Members of both parties in the House of Representatives held their noses this week to pass legislation authorizing the president to train foreign forces to confront the Islamic State in Iraq and Syria, and the Senate is due to vote on the same measure today. Many Republicans have reluctantly supported the measure even though many think it doesn't go far enough, while many Democrats back it in a show of solidarity with their party's president despite serious misgivings about where a war vote could ultimately lead.
Congress' ambivalence reflects a deep uncertainty surrounding whether the Obama administration's strategy for degrading and defeating ISIS, the terrorist organization that now controls large swaths of Iraq and Syria, is aligned with the military and diplomatic resources available to accomplish that mission. Mr. Obama insists that no U.S. ground troops will participate in the fighting and that America's role in the conflict will be limited to providing air support the Iraqi Army, Kurdish pesh merga militias and moderate Syrian opposition forces. But critics say the authorization puts the country on a slippery slope to deeper involvement.
Those concerns were underscored this week by the apparently conflicting statements of the president and Joint Chiefs of Staff Chairman Gen. Martin E. Dempsey. In testimony before the Senate Armed Services Committee, General Dempsey suggested that if Mr.

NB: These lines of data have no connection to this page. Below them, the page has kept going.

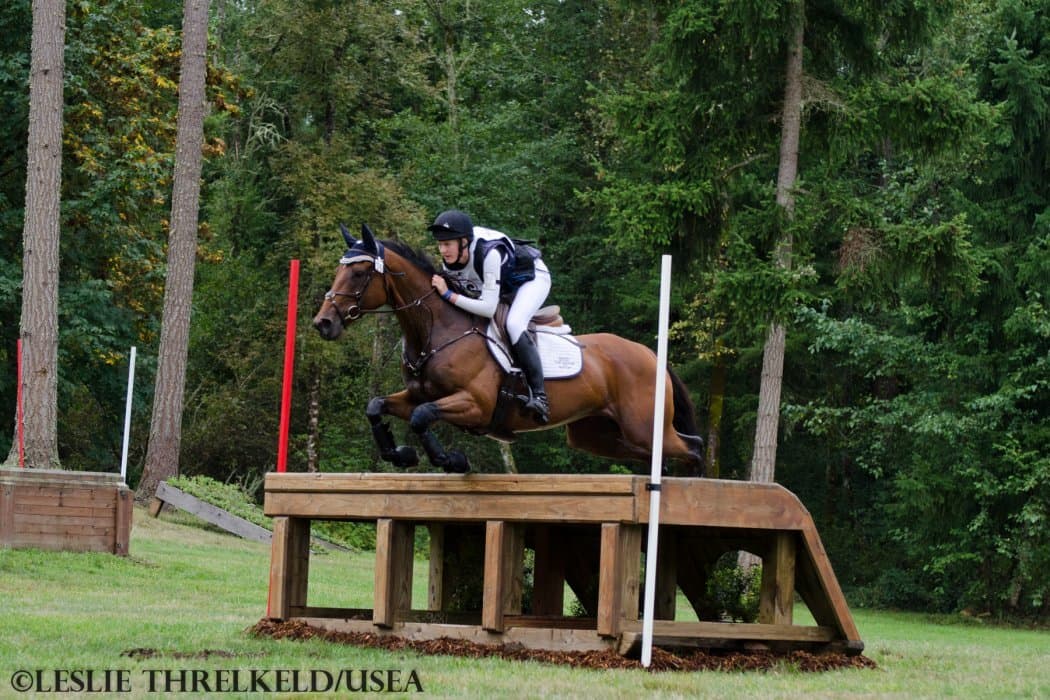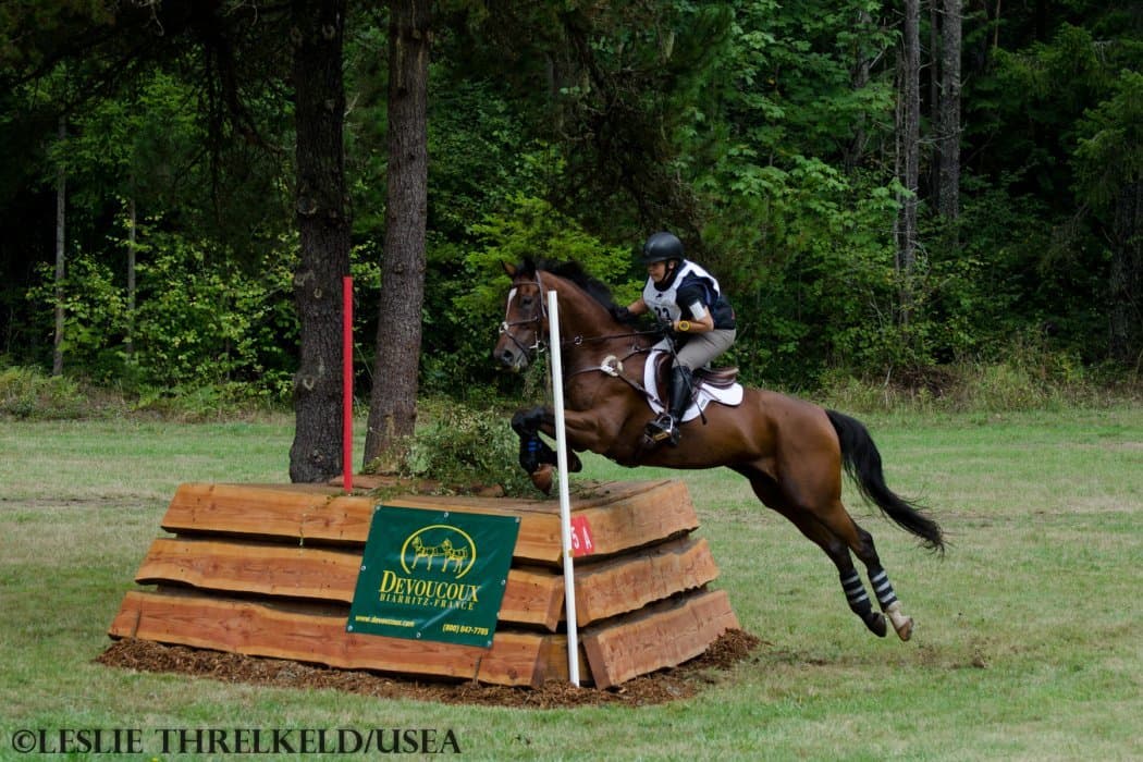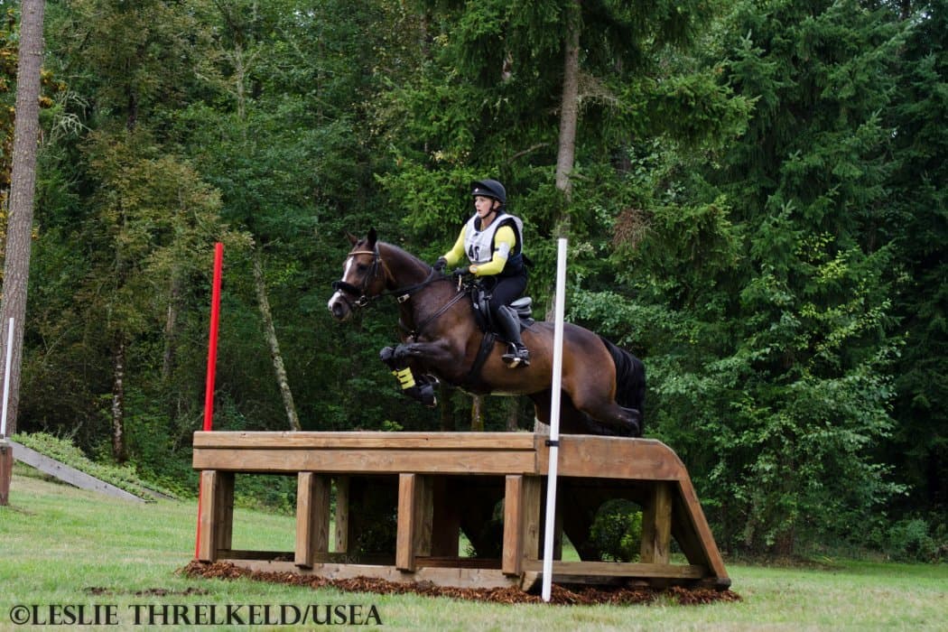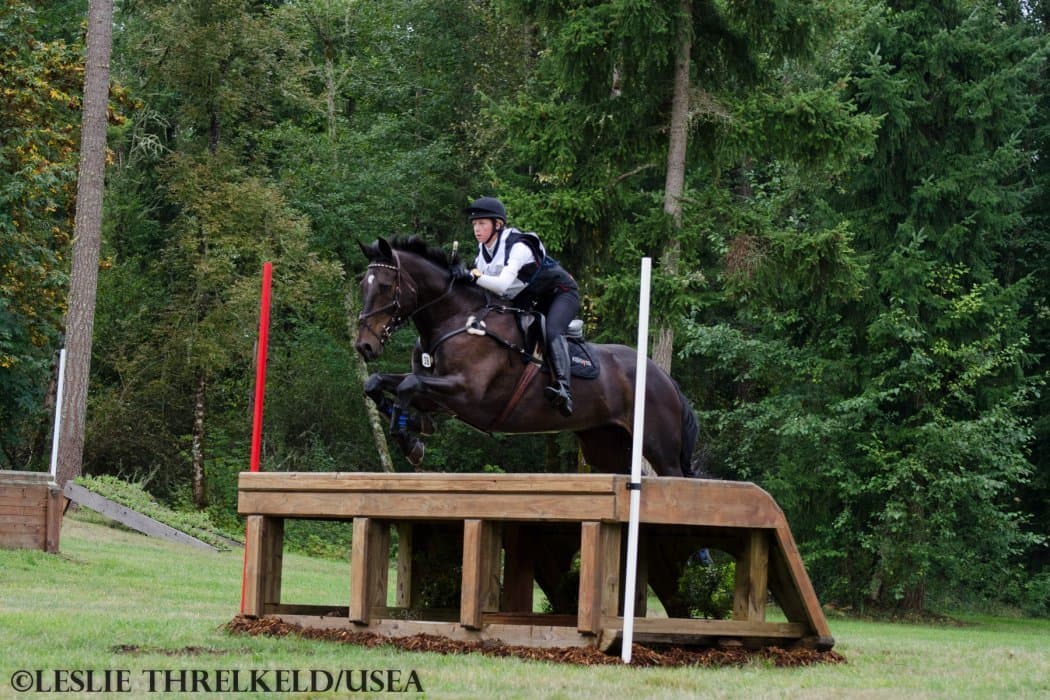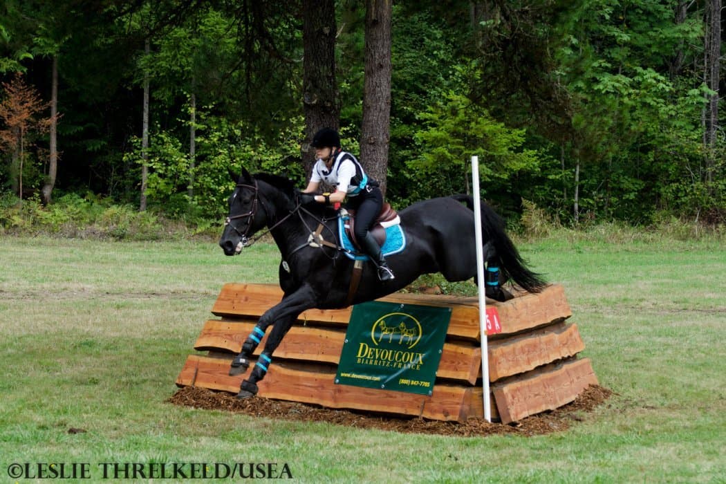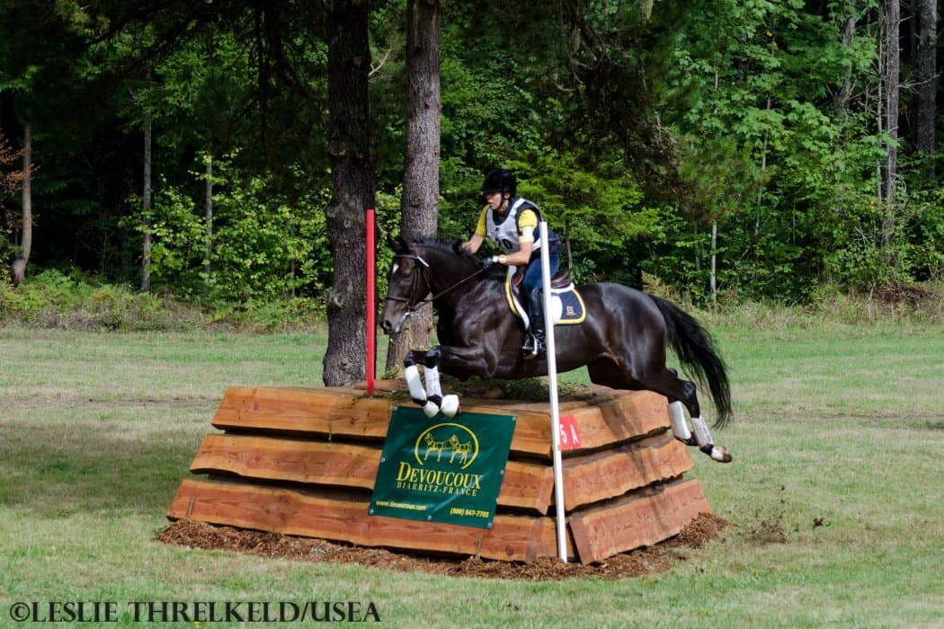 The Natural Migrations Intermediate Championships proved to be a true test of skill, with eight of 15 starters completing the event. Additionally, only six navigated the undulating cross-country without jumping errors. The first several competitors to leave the start box were eliminated or retired by fence 10ab, a tricky narrow brush to a cabin; everyone breathed a sigh of relief when Leila Lucas and Othello became the first to cross the finish line. Maya Black, of Clinton, Washington, won the dressage phase with Doesn’t Play Fair, so she wore an orange pinney on cross-country to indicate her lead, as did every other division leader in the event. She and Dawn Dofelmier’s 7-year-old Holsteiner gelding ultimately became the only pair in the division to finish on their dressage score.
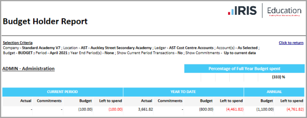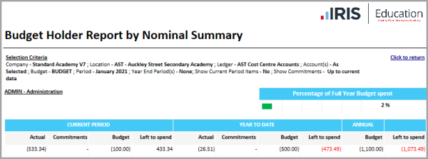 Left to spend: This sums the Year to Date, Actual and Commitment values and subtracts them from the annual Budget value. This shows the amount left to spend against budget for the financial year.
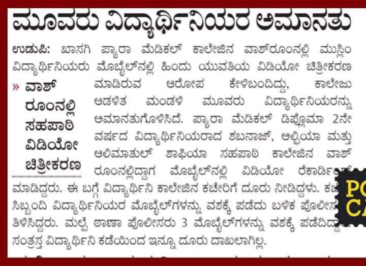 ⚡ Karnataka: Horrific incident in Udupi. Three Female Muslim students Alimatul Shaifa, Shabanaz & Aliya of Prestigious Netra Jyoti College put spy cameras in Hindu girls toilets, recorded Hindu girls showering and using toilets and shared it with Muslim men.
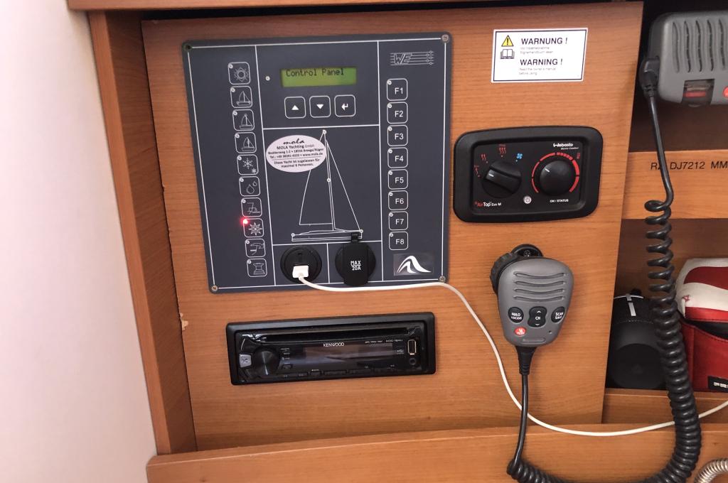 | Safety | Automatikwesten, Autopilot, Bootsmannstuhl, Bordwerkzeug, Feuerlöscher, Handbilgepumpe, Nebelhorn, Notsignale, Rettungsinsel, Rettungsring, Taschenlampe, UKW-Funk |

Obama's current plan to assemble an international coalition to fight ISIS didn't work he would go back to the president and make additional recommendations that might include the limited use of American ground forces in the region. He cited the recapture of the city of Mosul and securing strategic dams in Iraq as examples of such a mission.
The next day the White House forcefully reiterated the president's earlier statement that there were no plans to put American boots on the ground and that the administration did not intend to involve the country in another open-ended Mideast conflict. Still, skeptics quickly seized on what they viewed as the administration's ambivalent attitude toward U.S. military policy in the region.
The president's apparently on again, off again war plan regarding American ground forces in Iraq raised legitimate questions in Congress as to whether Mr. Obama's strategy is actually being driven more by domestic politics than by the military situation in Iraq. While polls show a majority of Americans see ISIS as a threat and support U.S. airstrikes to halt its spread, voters remain far less sanguine about sending U.S. ground troops back into a situation they only managed to extricate themselves from in 2013 after 10 years of war. With midterm elections just around the corner, it's no wonder neither Democrats nor Republicans are comfortable giving the president a blank check to expand the U.S. military presence in the region.
That's understandable, but it's also brought out a lot of foolishness in the debate over the president's war policy. Among Republicans, for example, some lawmakers have complained that they're not convinced any of the military operations the president has proposed will work. They seem to have completely forgotten that war is unpredictable and that there are no guarantees any strategy will be successful.
Another frequently heard complaint, again mostly from Republicans, is that the president is wrong to rule out the use of U.S. ground forces because it's never smart to tell the enemy what you won't do. True, but then again it's not smart to tell the enemy what you will do, either. In wartime, as Winston Churchill famously said, truth is so precious that "she must always be accompanied by a bodyguard of lies." Whatever the president is telling Congress, you can be sure it is nothing that will help ISIS defeat the U.S.
We argued against invading Iraq in the first place, and we are as reluctant as anyone to see American troops pulled back there. But like General Dempsey, we believe our strategy must be dictated by the reality on the ground. We have seen evidence in recent weeks that air strikes conducted in concert with local forces can be effective in pushing ISIS back, but as General Dempsey suggested, if those circumstances change, we must be willing to at least consider adjusting our strategy. The president is doing the American public no favors by insisting otherwise. We need to understand what's at stake. The Bush administration made the mistake of believing it could invent its own reality in Iraq; Congress and the Obama administration cannot fall into the same trap now.